The thing about anarchist utopias is that they are kind of anarchic. Central control is weak. There are dozens of different ways of doing the same thing. Updates are issued and things that worked yesterday stop working, in ways that no-one seems to have really anticipated and can be frustrating to sort out. Different parts of R do things using different words and even different symbols, for reasons to do with its decentralized historical development. If you want to tell R to ignore missing values in the calculation of a correlation coefficient, you need to say use="complete.obs". If you want to tell it the same thing when calculating a mean, you say na.rm=TRUE, and in calculating a regression, you say na.action=na.omit. Why? That’s just what you get from being an open and evolving movement.

2.1.3 Use R because you’re worth it

The learning curve with R can be fairly steep. Sometimes all you want to do is read some data in and calculate the mean, and using R appears far more complex than necessary for this. Basic statistical operations will initially take you longer than they would in a commercial spreadsheet or statistics package. Sometimes your code will not work and you will stare at it for hours, baffled, and search the internet endlessly for solutions. R’s error messages are usually totally incomprehensible (a side effect of the general anarchist utopia situation). However, I would recommend really getting to grips with R even if your statistics needs are currently very modest.

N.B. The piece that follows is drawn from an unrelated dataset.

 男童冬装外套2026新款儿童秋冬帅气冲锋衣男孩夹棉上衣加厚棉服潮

The reasons for this recommendation are the following:

  • You can never outgrow R. R is the language of professional statisticians and data scientists. There are contributed packages to implement almost every conceivable statistical technique. You can write new functions. You can make professional quality graphics. You can make animations and run simulations. You can even write web pages and books in R (like this one). As your skills and ambitions grow, R will be equal to you, and you probably will not have to learn something else.

  • Programming in R helps you think better. To do data analysis in R, you have to write a short computer programme (a script). This means writing down a sequence of exact operations, in order, understanding what each line is doing. This helps you to think clearly about what question you are asking, and what you are doing with your data.

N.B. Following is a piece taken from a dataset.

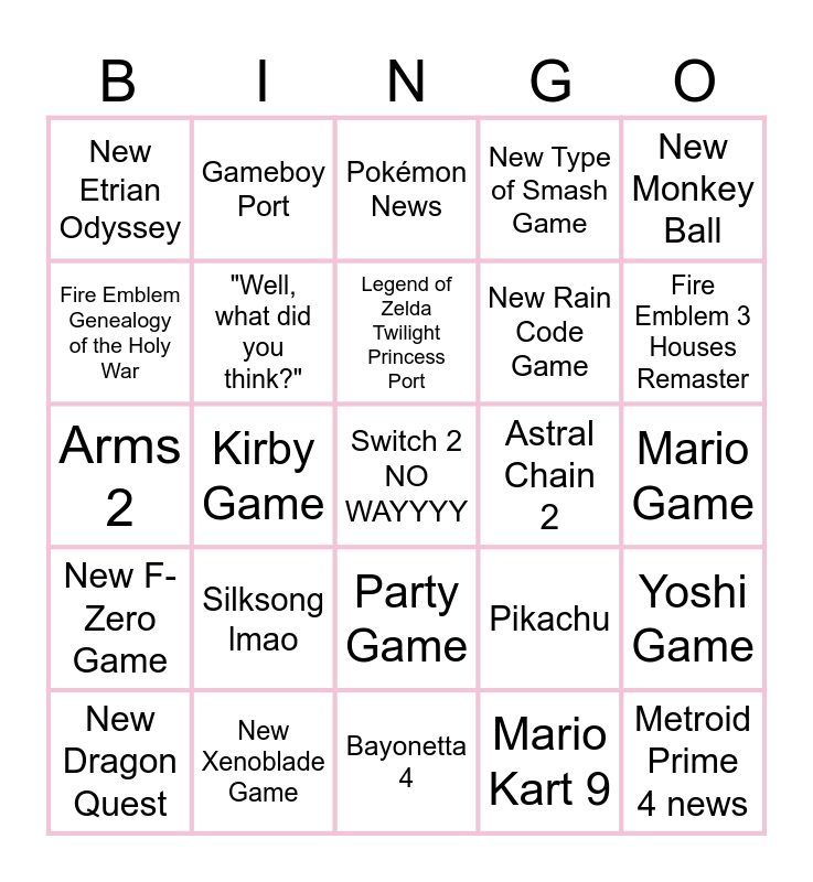 This bingo card has a free space and 24 words: Silksong lmao, New Xenoblade Game, Legend of Zelda Twilight Princess Port, New Dragon Quest, New Monkey Ball, New Etrian Odyssey, Fire Emblem Genealogy of the Holy War, Gameboy Port, Astral Chain 2, Party Game, New Rain Code Game, Arms 2, Pikachu, Yoshi Game, "Well, what did you think?", Mario Kart 9, Mario Game, Pokémon News, Fire Emblem 3 Houses Remaster, Kirby Game, Metroid Prime 4 news, New F-Zero Game, New Type of Smash Game and Bayonetta 4.

  • Programming in R aids reproducibility. When you analyse data in R, you save your script, and you publish along with your paper or dissertation. This means that someone wanting to understand your claims or findings can download your script, rerun it for themselves, and understand exactly the full pipeline that leads from your raw observations to your pretty pictures and final conclusions.

  • It’s free. You are on the side of the good guys. It’s good for you, and it is also good for the openness of science. It also works on different operating systems.

  • It’s fun. Arguably.

2.1.4 Working with R: You typed it wrong

One other observation to make about R. You will quite often find that bits of R code, even quite simple bits, just don’t work, and produce a bizarre error message or an impossible result. You may think you have discovered a flaw in R itself, or even a lacuna in Western mathematics. You haven’t. You have just typed something wrong. Look again at your code and if necessary type it out again from scratch. Remember than in R, the placement of every comma and line break matters, the order of things matters, and the difference between capital and lower case letters matters. Which type of bracket you use, {, ( or [, matters, and you must close every bracket you open, and in the right place. If you are producing a problem, you have probably typed something wrong.

In the rare event that you have not typed something wrong, you have thought about something wrong. In this case you need to think more carefully about what you are trying to do, maybe breaking it down into smaller logical steps.

2.1.5 Base R and contributed packages

One of the main reasons that R is anarchic and plural is that as well as R itself (often referred to as base R), there are is a whole archipelago of free sub-programs available that can be deployed within R. These contributed packages are not written by the people who made base R. They are written by a dispersed community of different data scientists and statisticians. They do not come with base R, but need to be installed. Often there are multiple different contributed packages available to do the same task. You will use many different ones and come to have your favourites. Each contributed package has its own lingo. We will be using contributed packages as well as base R throughout this course. Fortunately it is very simply to install and run them from within the RStudio environment.

2.2 Downloading R and RStudio

To start using R, you first need to download and install the latest version of R from https://cran.r-project.org/, choosing your operating system. Updates of R are released frequently (multiple times per year) and I do recommend keeping your current version updated. There can be substantial changes over time and you can encounter problems if your version is out of date.

Once you have installed R, download and install RStudio from https://www.rstudio.com (the free RStudio Desktop Open Source Licence). You should then be able to launch RStudio, which will in turn call and launch R itself.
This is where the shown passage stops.